Conteúdo gratuito não é isca, mas uma pequena prova

Um bom material gratuito não funciona porque é gratuito. Ele funciona quando ajuda alguém a dar um passo concreto e mostra como você pensa. Não precisa ter vinte mil palavras. Muitas vezes, uma página honesta que alguém realmente usa é melhor.

Eu começo pelas perguntas que a empresa realmente ouve em vendas, suporte ou consultorias — não pelas perguntas que o marketing gostaria que as pessoas respondessem. A diferença costuma ser considerável.

  • Que decisão a pessoa está tomando agora?
  • O que está faltando: informação, comparação, evidências ou coragem para rejeitar algo?
  • Podemos ajudar antes da compra sem transformar o material em um folheto disfarçado?
  • O conteúdo leva naturalmente a um próximo passo?

O Google recomenda a mesma base sólida: criar principalmente para as pessoas, demonstrar experiência real e não deixar os leitores procurando a resposta de fato em outro lugar. É um bom teste independentemente de SEO. Isso é explicado com mais detalhes na documentação sobre conteúdo útil voltado para as pessoas.

Trato um resultado histórico como evidência, não como receita

Em fevereiro de 2014, 1 411 pessoas se inscreveram neste blog em 28 dias. O artigo original documentou isso com uma captura de tela das estatísticas da época. É um bom resultado histórico, mas não uma promessa de que hoje você pode criar um e-book, adicionar um formulário e esperar os mesmos números.

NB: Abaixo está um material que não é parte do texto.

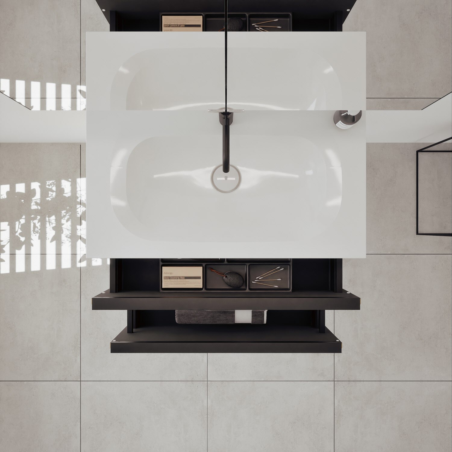- 1 Schublade oben, 35 cm tief, mit vertikaler Struktur inkl. Siphonausschnitt und Inneneinteilung

As plataformas, o custo da atenção e as expectativas das pessoas mudaram. Mais importante ainda, uma quantidade de contatos sem informações sobre sua qualidade é apenas um número maior em uma planilha. O que importa mais é quantas pessoas relevantes usaram o material, quantas deram um próximo passo significativo e se a comunicação gerou negócios economicamente viáveis.

O trabalho começa depois de conquistar o contato

Um contato não é uma mina de ouro. É uma permissão para uma comunicação específica em um contexto específico. Quando alguém quer um checklist para escolher uma ferramenta de e-mail, isso não significa automaticamente consentir com uma enxurrada interminável de ofertas de tudo o que a empresa por acaso vende.

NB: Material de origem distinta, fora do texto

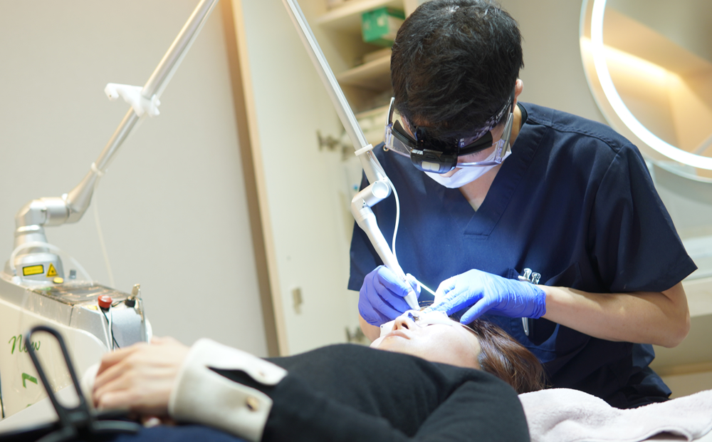 さらに研修の後半では、西嶌暁生院長による「ほくろ・シミのレーザー除去」のデモンストレーションを実施。

  1. Entregue exatamente o que você prometeu. Não esconda condições depois do formulário.
  2. Explique o que acontece em seguida. Diga com que frequência você escreverá e sobre qual assunto.
  3. Acompanhe o problema original. Segmentar pelo interesse manifestado costuma ser mais útil do que coletar dez dados antecipadamente.
  4. Meça o próximo passo. Não apenas um download, mas um clique relevante, uma resposta, uma consulta ou uma compra.
  5. Facilite a saída. Dificultar o cancelamento da inscrição não é uma retenção inteligente. É uma boa maneira de irritar tanto a pessoa quanto o provedor da caixa de entrada.

Quando não faz sentido trocar conteúdo por um contato

Eu não criaria um e-book apenas porque “é isso que as pessoas fazem”. Se uma empresa não consegue dar continuidade com uma comunicação útil, não resolveu a questão da permissão para enviar mensagens ou não sabe o que fazer comercialmente com um contato, o formulário servirá principalmente para criar trabalho operacional.

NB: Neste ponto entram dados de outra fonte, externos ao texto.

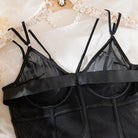 Complementing the bra are matching panties that echo the same lace and mesh detailing. Designed for a flattering fit, these panties provide minimal coverage while accentuating your curves in a subtle, sophisticated manner.
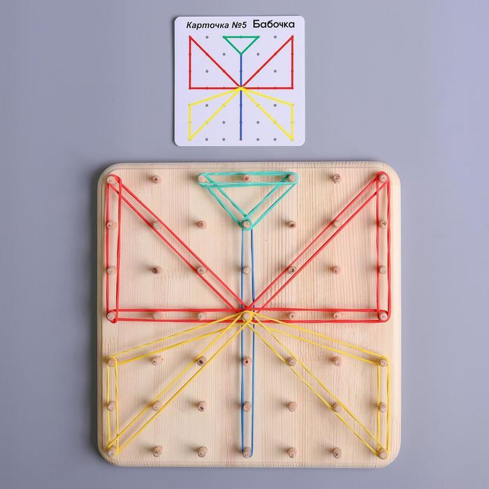 Геоборд — это деревянная доска со штырьками, на которые нужно нанизывать разноцветные резинки. Делайте это в соответствии с заданиями, указанными на карточках или сами придумывайте изображения. Особен... Показать описаниености * В наборе 12 двусторонних ламинированных карточек с заданиями. * Игра развивает мышление, внимание, память, мелкую моторику и фантазию. * Геоборд сделан из экологически чистого материала — массива дерева. * Игрушка тщательно отшлифованная, поэтому она не имеет острых краёв. Варианты игры 1. Покажите ребёнку, как из прямых линий построить простую фигуру, а из простых фигур — предметы. Попросите ребёнка повторить за вами. 2. Предложите ребёнку выбрать одну из карточек и попросите повторить рисунок на геоборде с помощью резинок. 3. Покажите ребёнку точку старта на геоборде и предложите двигаться в определенном направлении, надевая резинки на штырьки. 4. Изобразите на геоборде половину рисунка и предложите ребёнку нарисовать с помощью резинок зеркальное отражение. Дополнительно * Размер карточек: 10 ? 10 см. * Размер геоборда: 23 ? 23 см. * Диаметр штырька — 8 мм. * Высота штырька от планшета — 2 см.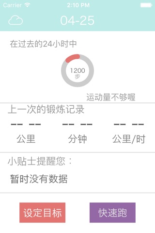 3.每一次跑步完成后,APP会将运动的时间、路程等信息记录在您的iPhone上,还会根据您的运动情况给您鼓励性的话语;

Também não esconderia toda boa ideia. Um artigo público pode conquistar links, construir confiança e alcançar alguém enquanto essa pessoa ainda está dando nome ao problema. Um material protegido por e-mail faz sentido quando oferece valor prático adicional, não quando apenas reorganiza cinco parágrafos públicos em um PDF.

A questão não é dar às pessoas uma amostra e depois capturá-las. É fazer uma pequena parte de um bom trabalho antes de pedir que tomem uma decisão importante.

Falo sobre conectar conteúdo com comunicação de longo prazo em Como conectar um blog e o e-mail marketing. Se você primeiro precisa alinhar todo o sistema de marketing, consulte o checklist de marketing online ou descreva sua situação na página de colaboração.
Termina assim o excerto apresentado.